Es gibt 35 Antworten in diesem Thema, welches 12.023 mal aufgerufen wurde. Der letzte Beitrag () ist von Mäusedudler.

  • Hallo Ihr,


    es ist ein Hochgenuss Eure Gedanken zu lesen, fast besser, wie der Roman.


    Ganz große Klasse.


    Dazu fällt mir im Moment nichts Gescheites ein, um mich einzuklinken.



    Gruß


    gretchen

  • Ohh, Mombour,


    bitte nicht Rotwerden.


    Ich fand die Leserude zuerst sehr, sehr lasch, wobei ich mich selber in meine Kritik mit einschließen muß und ich hatte auch gar keine Lust mehr, das Buch weiterzulesen, aber durch Eure Diskussion wurde ich so richtig aufgescheucht, doch weiterzulesen und das finde ich klasse.

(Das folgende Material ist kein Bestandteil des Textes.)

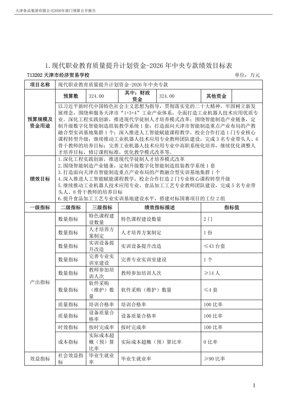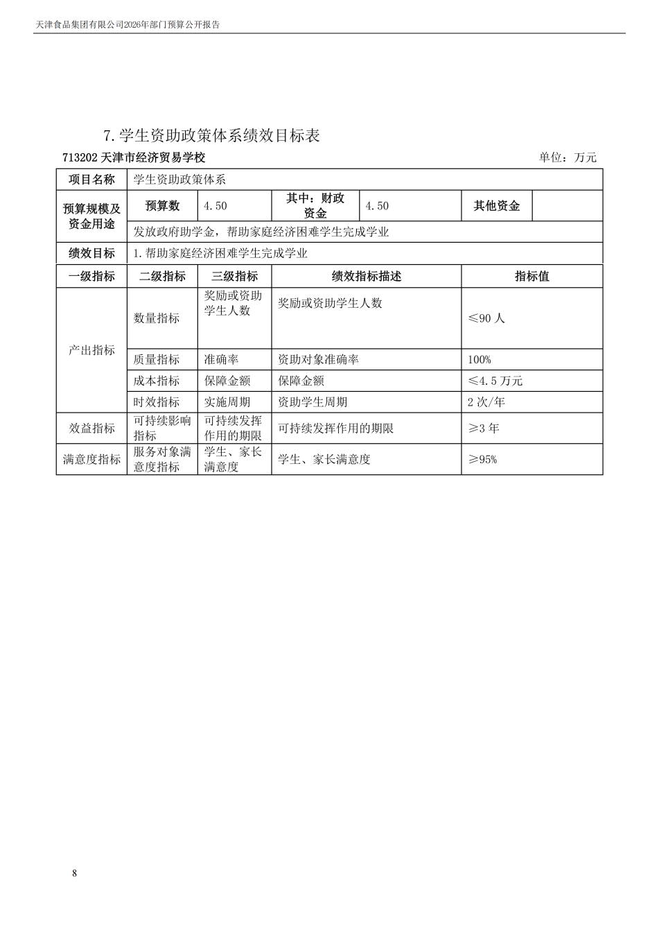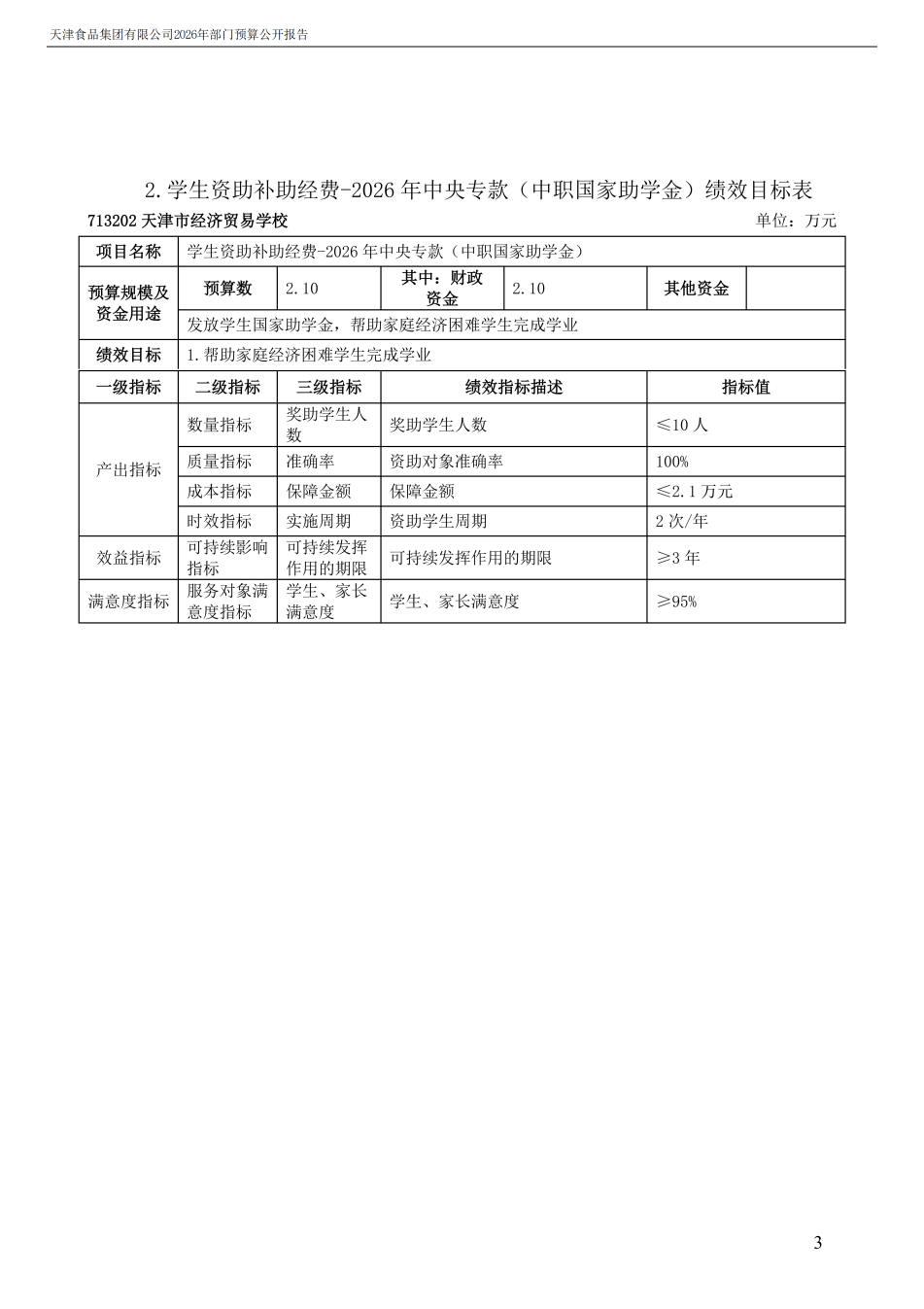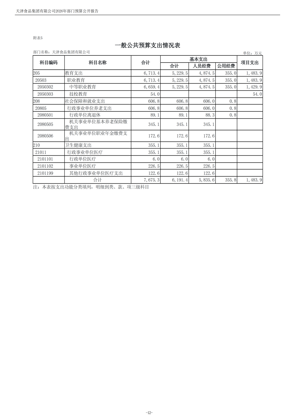 天津食品集團有限公司2026年度部門預算

    Das war der Kick, der mit gefehlt hat. :daumen:


    Liebe Grüße


    gretchen

  • Ich bin mittlerweile im zweiten Teil angelangt, der Fürst war in Moskau und ist nun wieder zurück in Petersburg.
    Mir ist bisher nicht klar, wieviel er nun geerbt hat: ist er nun reich oder nicht? Oder hat er in seiner Großmut gleich mehr ausgeben als sinnvoll?

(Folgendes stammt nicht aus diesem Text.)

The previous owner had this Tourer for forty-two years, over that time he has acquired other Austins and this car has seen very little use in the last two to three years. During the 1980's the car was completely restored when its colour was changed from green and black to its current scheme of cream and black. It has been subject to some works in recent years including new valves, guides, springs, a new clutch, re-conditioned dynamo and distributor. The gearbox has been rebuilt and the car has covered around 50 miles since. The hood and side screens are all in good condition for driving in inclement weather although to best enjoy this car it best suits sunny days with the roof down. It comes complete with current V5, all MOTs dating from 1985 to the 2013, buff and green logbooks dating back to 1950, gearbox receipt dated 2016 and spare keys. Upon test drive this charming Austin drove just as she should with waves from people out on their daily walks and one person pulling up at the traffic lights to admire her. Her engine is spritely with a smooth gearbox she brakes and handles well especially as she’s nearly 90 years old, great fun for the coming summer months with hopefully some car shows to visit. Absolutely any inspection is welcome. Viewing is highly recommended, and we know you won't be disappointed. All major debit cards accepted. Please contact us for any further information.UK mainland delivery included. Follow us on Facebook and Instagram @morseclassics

    Interessant ist zunächst vor allem sein Brief an Aglaja, sein Verhältnis zu ihr bleibt im unklaren - allerdings auch wohl ihm selbst.

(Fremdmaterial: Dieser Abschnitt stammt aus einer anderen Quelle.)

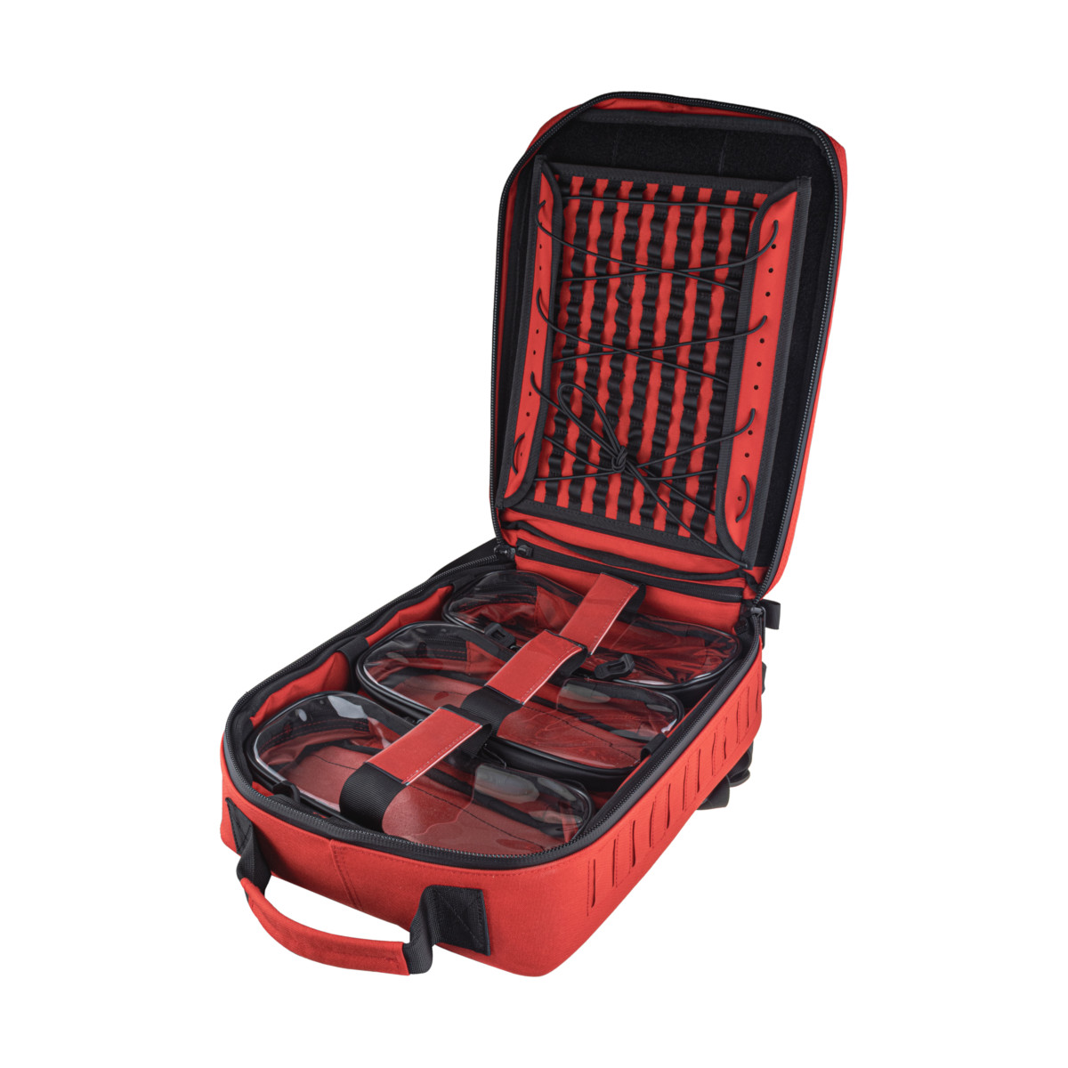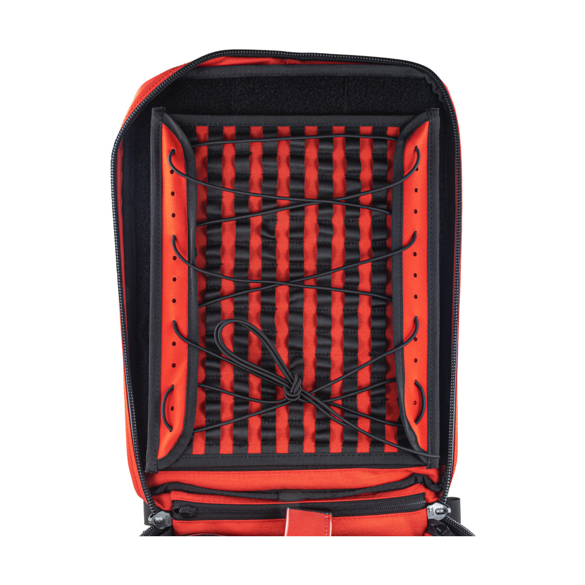 - Rzep wewnątrz komory i na dnach saszetek – stabilizacja i zabezpieczenie przed wypadaniem przy otwartym plecaku.

    Nach seiner Rückkehr nach Petersburg fand ich dann seinen Besuch bei Rogoschin sehr spannend. Dieser dreht mehr und mehr durch, als Frau hätte ich glaube ich auch Angst vor ihm. Nastassjas Problem ist wohl vor allem, dass sie sich selbst unwürdig findet und nicht glaubt, den Fürsten verdient zu haben, lediglich jemand wie Rogoschin kommt ihr als Ehemann möglich vor, da es ihr bei ihm wohl egal ist, ob sie ins Gerede bringt. Außerdem scheint es ihr wohl auch egal zu sein, ob ihr etwas geschieht (ob nun durch Rogoschin oder jemand anders). Bei ihrer Vergangenheit wohl kaum verwunderlich. Interessanter finde ich da Rogoschin, da mir weiter unklar ist, warum er ein so krankhaftes Verhältnis zu Nastassja hat. Über seine Vergangenheit weiss man zu diesem Zeitpunkt einfach zu wenig, um da Rückschlüsse ziehen zu können.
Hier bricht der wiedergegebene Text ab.